MARC expects another round of fiscal stimulus this year, noting the risk of widening the deficit further than expected and high dependency on debt to raise funds. In addition, continuous spending on resources to keep the economy afloat rather than development risks Malaysia falling further behind compared to its regional peers.

“In light of recent developments, Malaysia’s economic recovery path is an unknown territory,“ said Firdaos.

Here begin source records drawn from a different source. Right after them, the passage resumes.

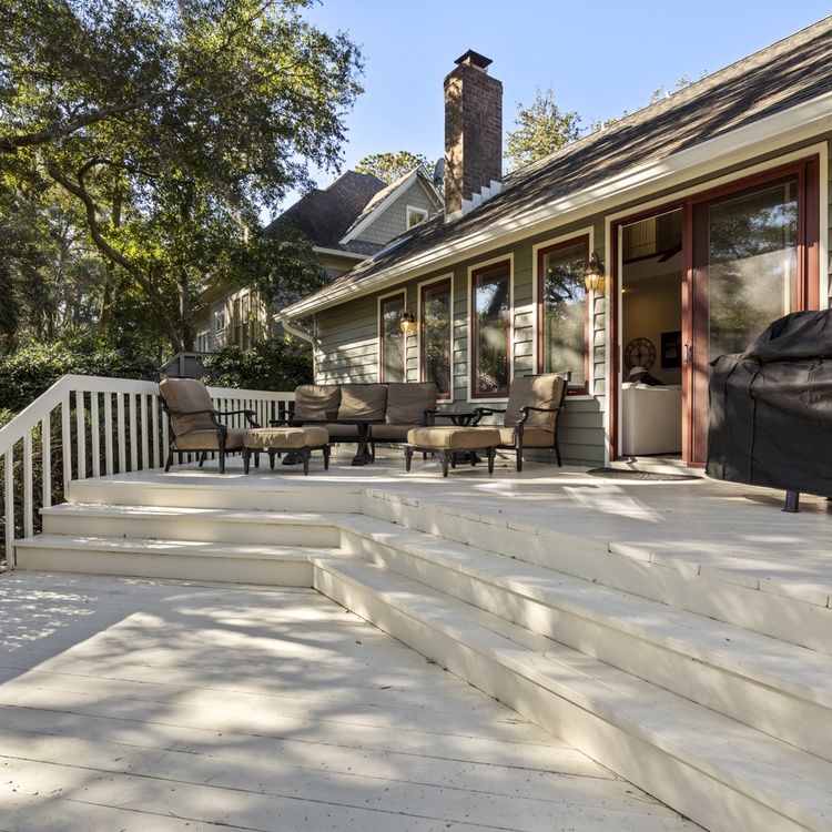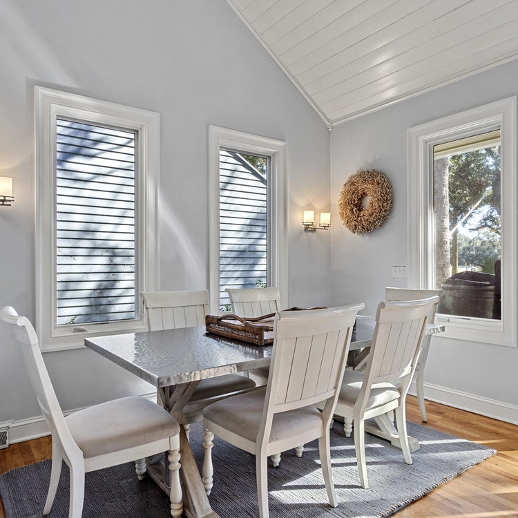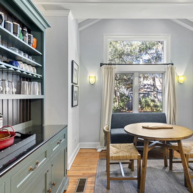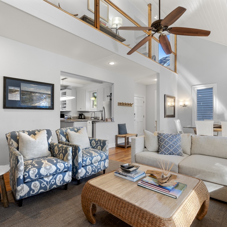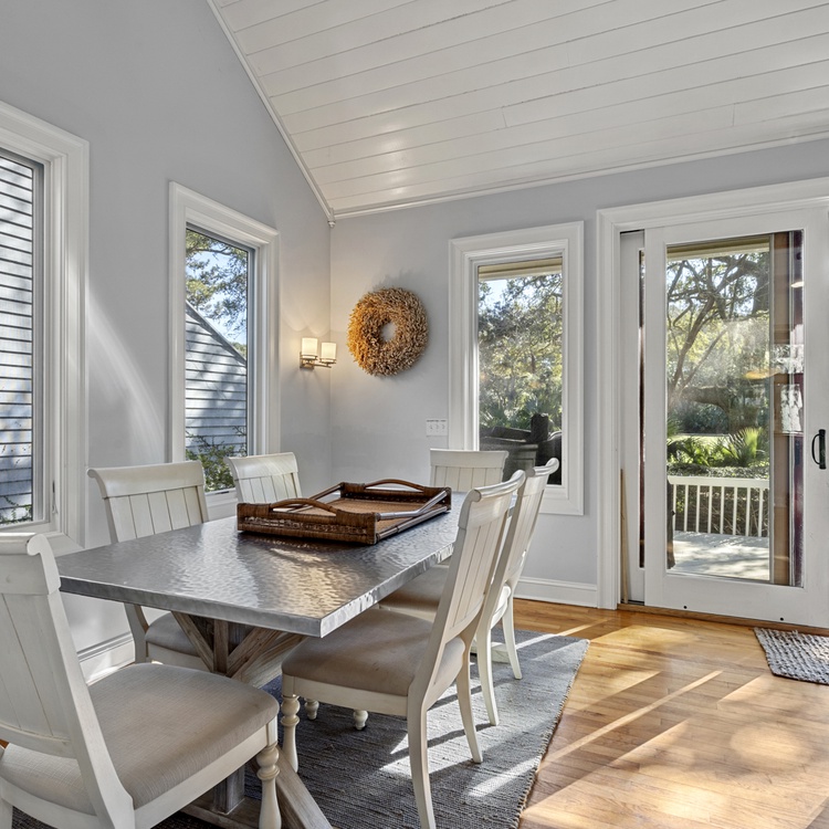 This Kiawah Island vacation rental features an open floor plan, comfortable furnishings, and three bedrooms and is only a 4-minute bike ride to the beach.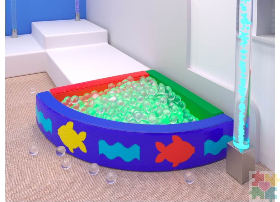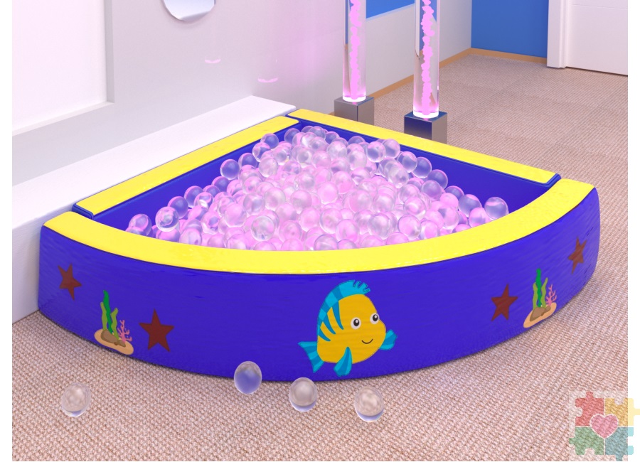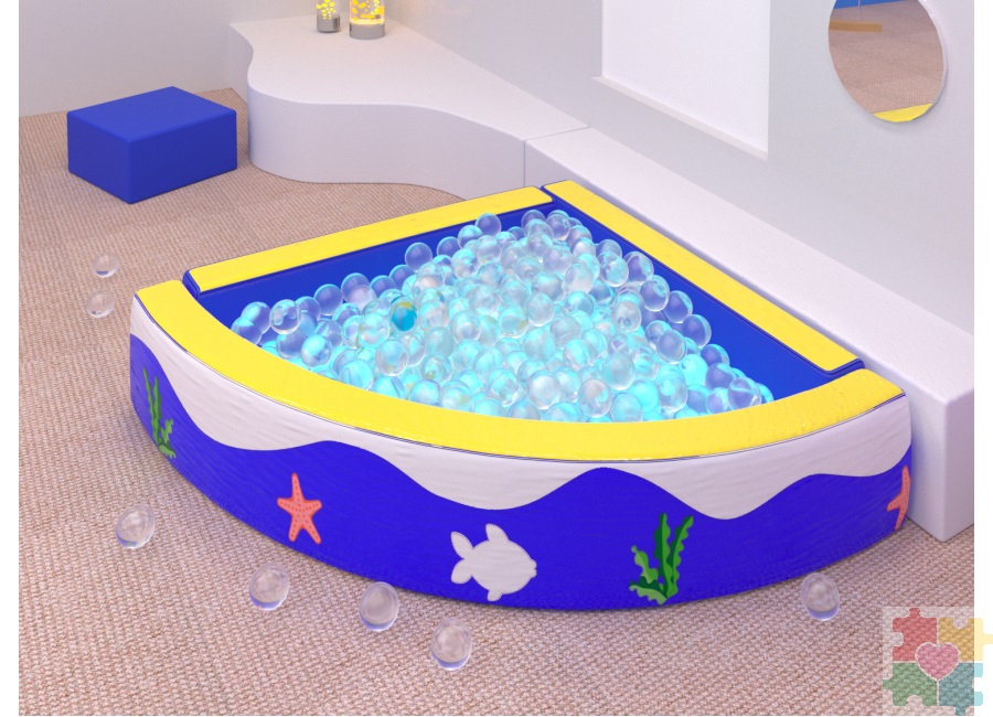 Угловой бассейн «Океан» станет замечательным дополнением для детской комнаты в инклюзивном или ресурсном центре, гармонично впишется в атмосферу детского садика или детского развлекательного пространства. Рекомендуем дополнить бассейн «Океан» комплектом прозрачных шариков и интерактивной светодиодной подсветкой, которые также можно купить у нас в магазине. Поистине волшебная атмосфера этого необычного сочетания не оставит равнодушными никого!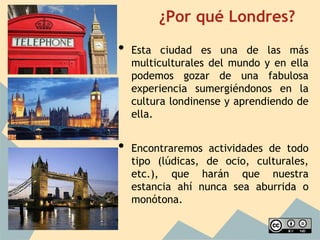 Este documento proporciona información sobre lugares para visitar en Londres. Recomienda que Londres es una ciudad multicultural con muchas actividades culturales y de ocio. Algunos de los lugares más populares para visitar son la Torre de Londres, la noria London Eye y el Palacio de Buckingham. También recomienda obtener una tarjeta London Pass para acceder a múltiples atracciones. El documento incluye enlaces a guías y mapas de la ciudad para ayudar a los turistas a planificar y disfrutar de su viaje.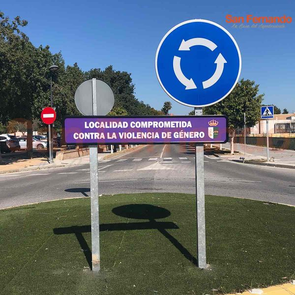 Señales de tráfico adaptadas con el objetivo de la sensibilización social y la prevención, realizando un llamamiento en la lucha frente a la Violencia de Género. Colocación en las entradas del Municipio / Ayuntamiento / Localidad / Ciudad mostrando su compromiso.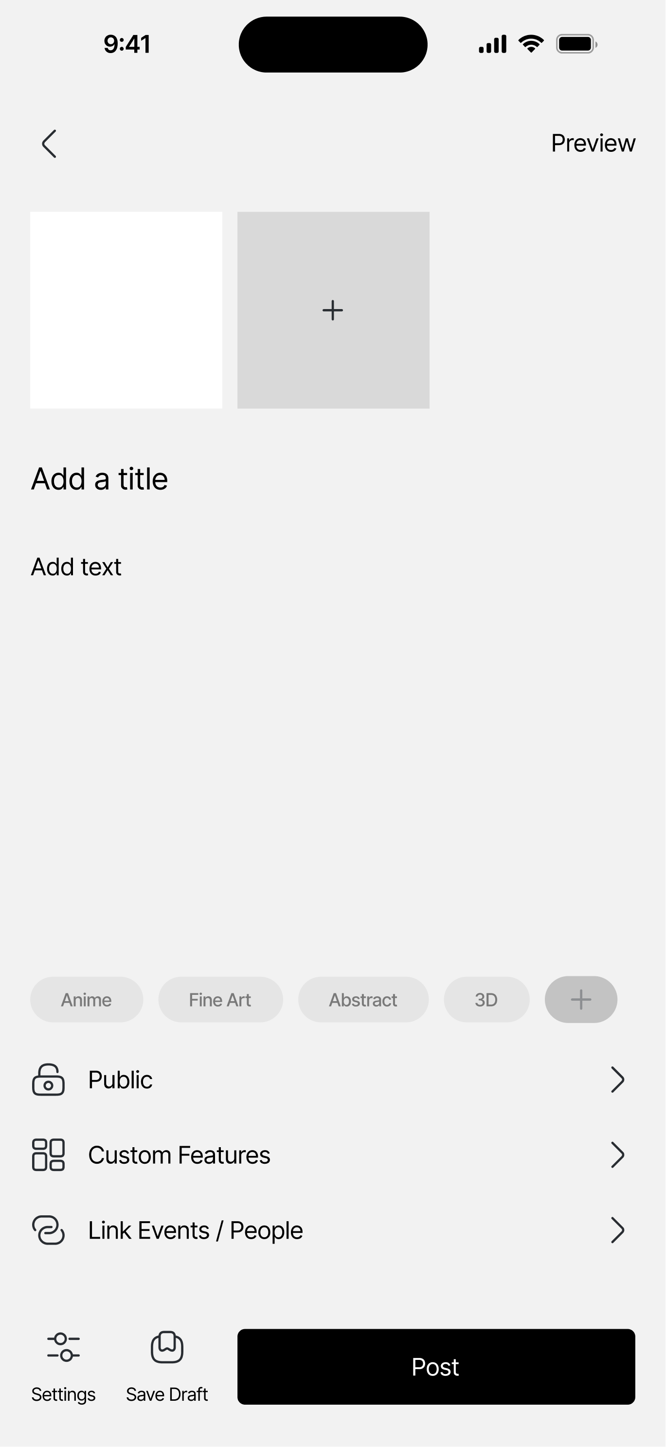 UI Design: The users thought the minimalistic look of the UI feels too corporate, lacking personality for an app that is targeted towards artists. They mentioned the app would benefit from personalization and customization options, allowing each user to freely express their artistic style through the UI. This concept is similar to Discord for its profile customizability.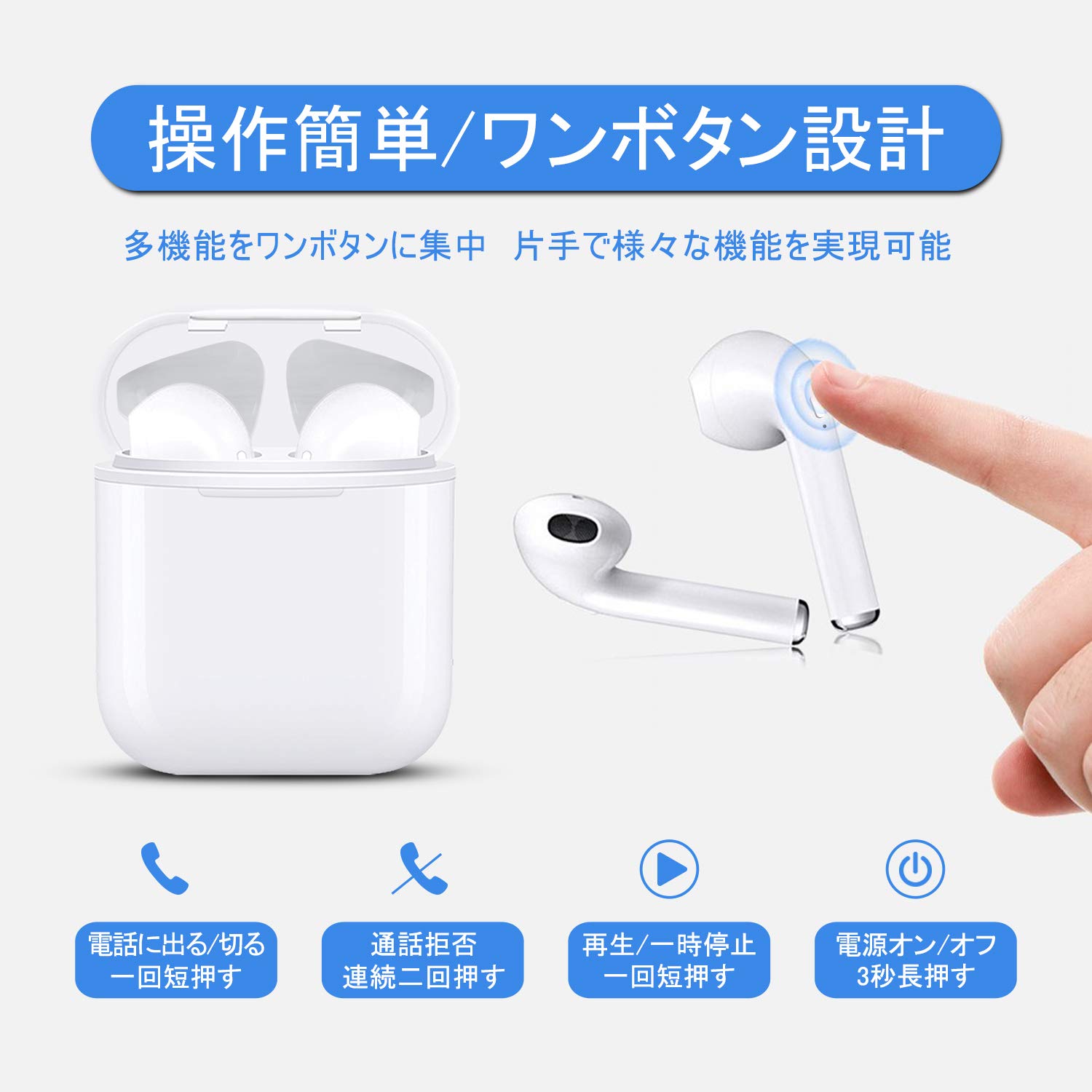 - 【自動ペアリング&簡単操作】充電のケースから出し入れするだけで電源ON/OFFの切り替えと、端末とのペアリング設定モードが自動で起動します。2度目からは自動で機器に接続します。ワンボタン設計で片手でも操作可能です。オンボタンで音楽再生/一時停止、通話開始/終了/拒否/リダイヤルなどの操作を全て実現可能です。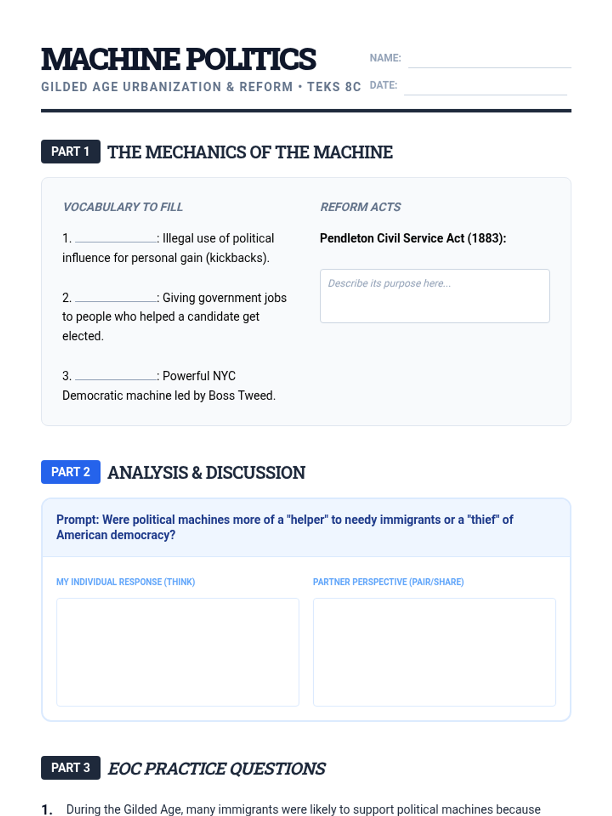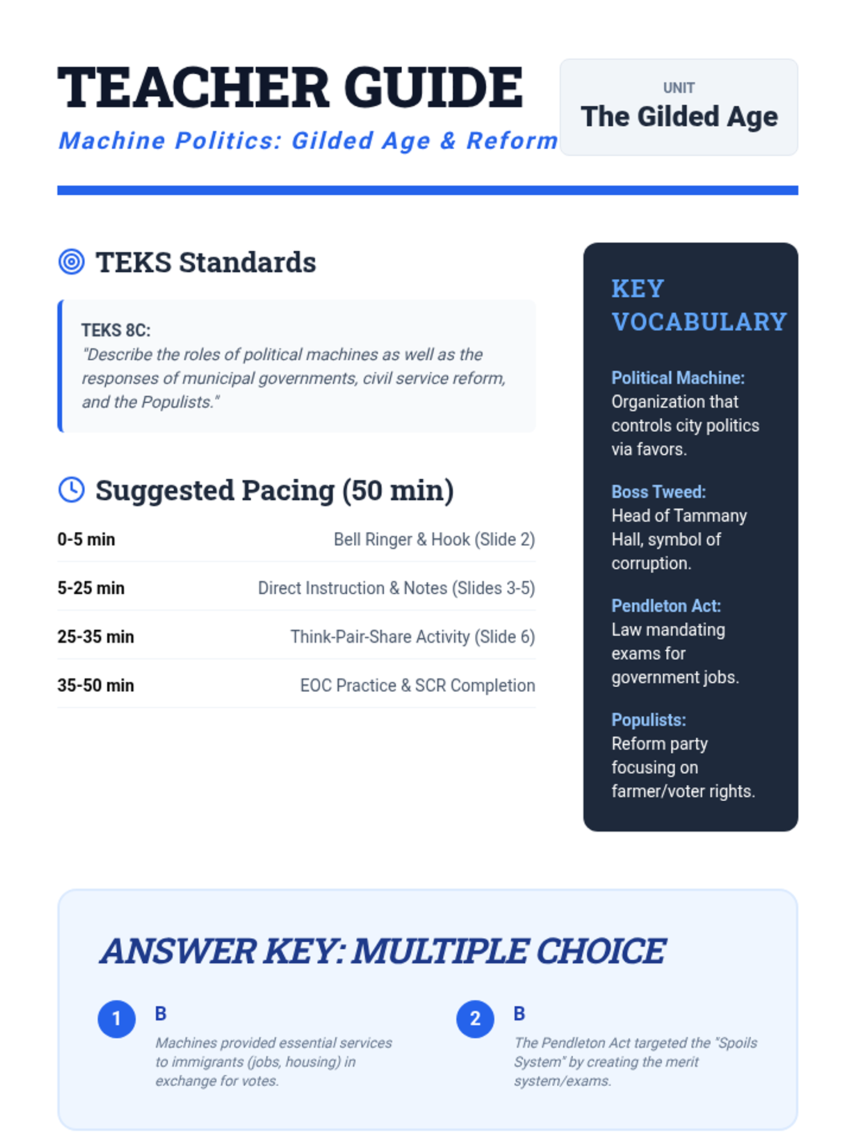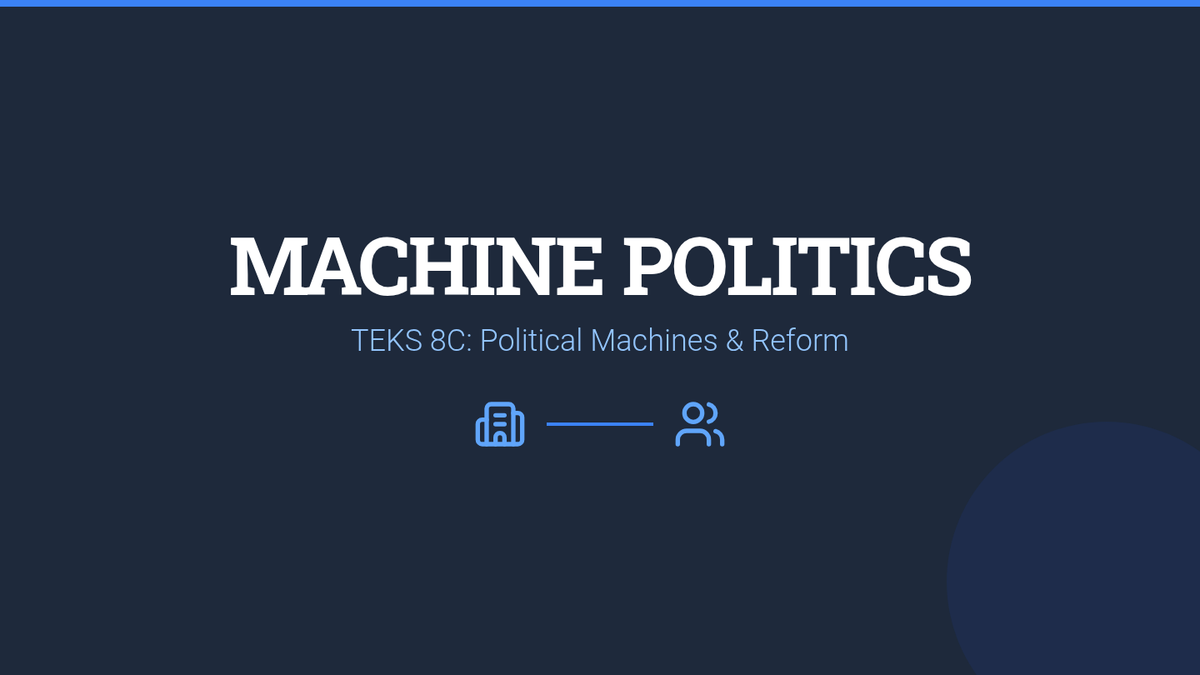 This lesson explores the rise of political machines during the Gilded Age, focusing on TEKS 8C. Students examine the mechanics of urban corruption, civil service reform (Pendleton Act), and the Populist response through collaborative activities and EOC-style assessments.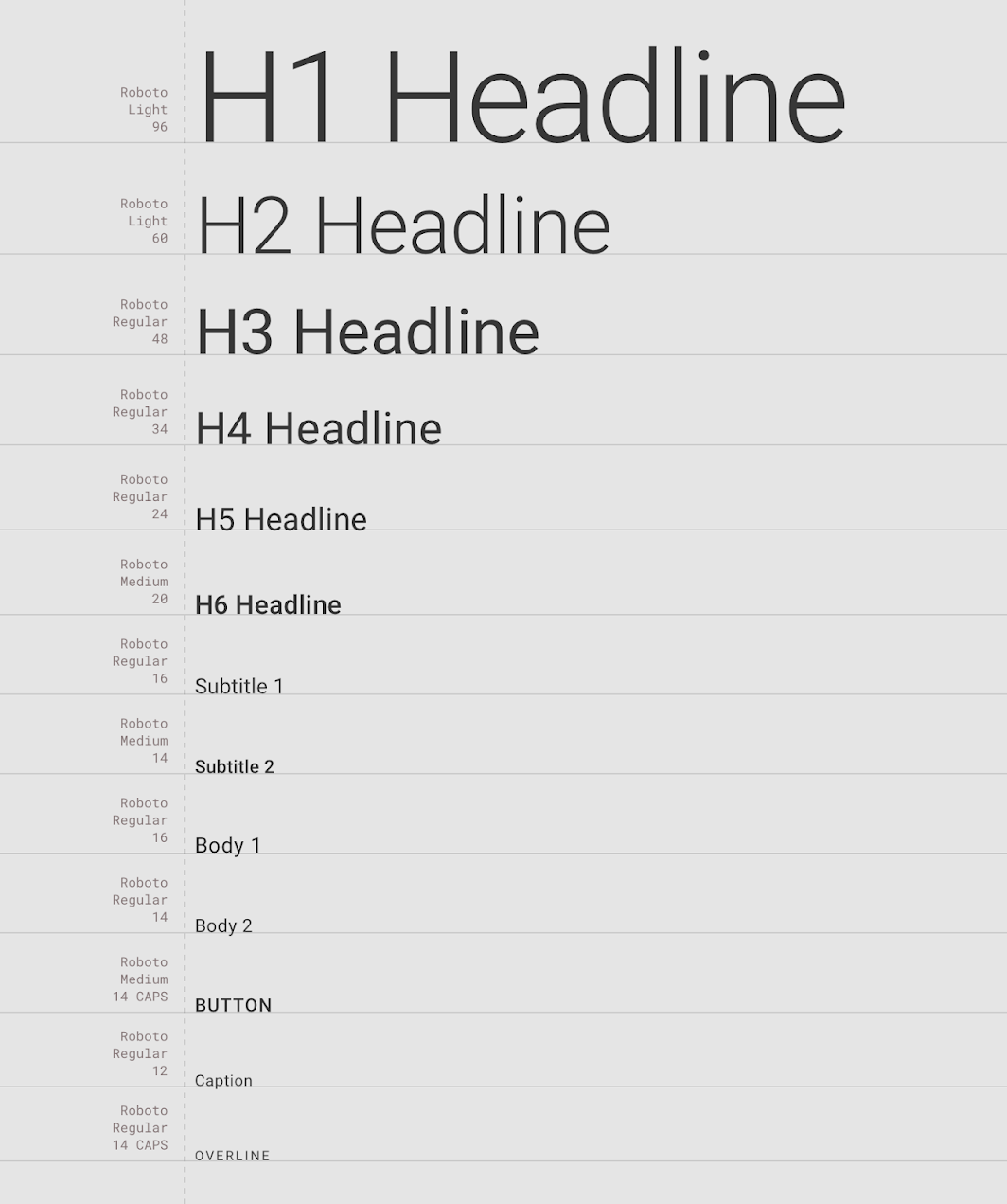 구글이 간편한 디자인을 위해 제공하는 Material Theme 을 사용하고있다면 미리 선언 된 타이포그래피를 사용할 수 있다.

However, PublicInvest Research said the economic impact from MCO 2.0 is largely muted, thanks to the government’s sizeable fiscal injection of RM6 billion that will result in a multiplier effect of RM30 billion to the economy against RM22.2 billion of economic losses throughout the 37 days of MCO 2.0.

“Note that MCO 2.0 can be extended up to 50 days without an adverse impact to the economy assuming a multiplier effect from the MPC of five times though the economy could rebound sharper with a full opening against a partial closure. This positive prognosis underpins our sanguine GDP outlook which remains unchanged for the year (2021: +6.2%) which is consistent with the steady economic outlook by the Finance Ministry,” it said in a note.